OPTIONS
RFC 9110 §9.3.7 — Capability discovery. Allow header presence differential. Not cacheable.
Source: RFC 9110 — HTTP Semantics (June 2022)
Authors: R. Fielding (Ed.), M. Nottingham (Ed.), J. Reschke (Ed.)
9.3.7. OPTIONS
The OPTIONS method requests information about the communication options available for the target resource, at either the origin server or an intervening intermediary. This method allows a client to determine the options and/or requirements associated with a resource, or the capabilities of a server, without implying a resource action.
An OPTIONS request with an asterisk ("") as the request target (Section 7.1) applies to the server in general rather than to a specific resource. Since a server's communication options typically depend on the resource, the "" request is only useful as a "ping" or "no-op" type of method; it does nothing beyond allowing the client to test the capabilities of the server.
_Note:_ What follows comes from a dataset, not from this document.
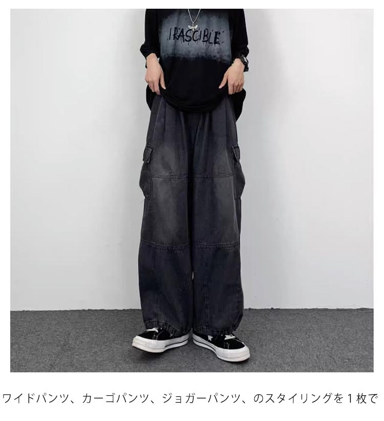 | アメカジからストリートスタイルまで幅広いコーデに活躍できるデニムカーゴパンツ。 ゆとりのあるワイドなシルエットで脚のラインをカバーしてリラクシーにご着用いただけます。 ワイドパンツ、カーゴパンツ、ジョガーパンツ、のスタイリングを1枚で 生地感は厚過ぎず、薄過ぎないのでオールシーズン活躍してくれ、かつしっかりしたデニム素材を使用し、 手触りも良いのでロングシーズン活躍してくれます。 | |
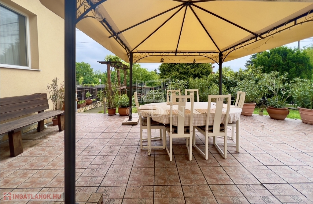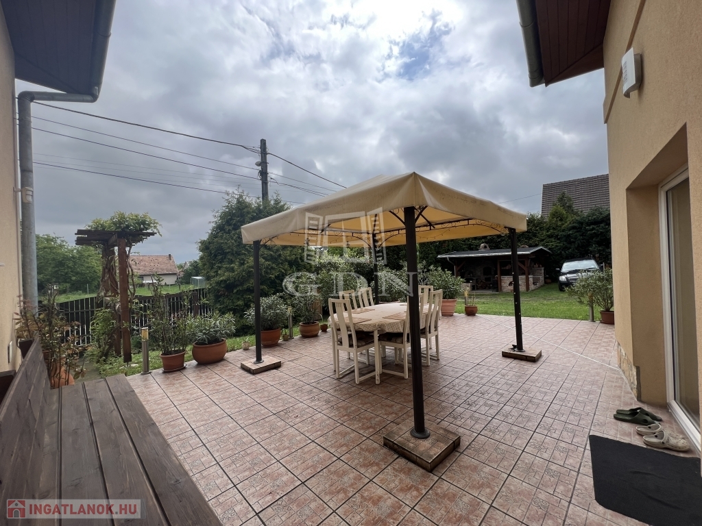 Az ingatlanhoz tartozik egy nagy terasz is, ahol kényelmesen pihenhetünk vagy barátainkkal találkozhatunk a szabadban. A kertben pedig egy kerti sütőtető található, amely ideális helyszín a grillpartikhoz és családi összejövetelekhez.

For example, this can be used to test a proxy for HTTP/1.1 conformance (or lack thereof).
If the request target is not an asterisk, the OPTIONS request applies to the options that are available when communicating with the target resource.
A server generating a successful response to OPTIONS SHOULD send any header that might indicate optional features implemented by the server and applicable to the target resource (e.g., Allow), including potential extensions not defined by this specification. The response content, if any, might also describe the communication options in a machine or human-readable representation. A standard format for such a representation is not defined by this specification, but might be defined by future extensions to HTTP.
A client MAY send a Max-Forwards header field in an OPTIONS request to target a specific recipient in the request chain (see Section 7.6.2). A proxy MUST NOT generate a Max-Forwards header field while forwarding a request unless that request was received with a Max-Forwards field.
A client that generates an OPTIONS request containing content MUST send a valid Content-Type header field describing the representation media type. Note that this specification does not define any use for such content.
Responses to the OPTIONS method are not cacheable.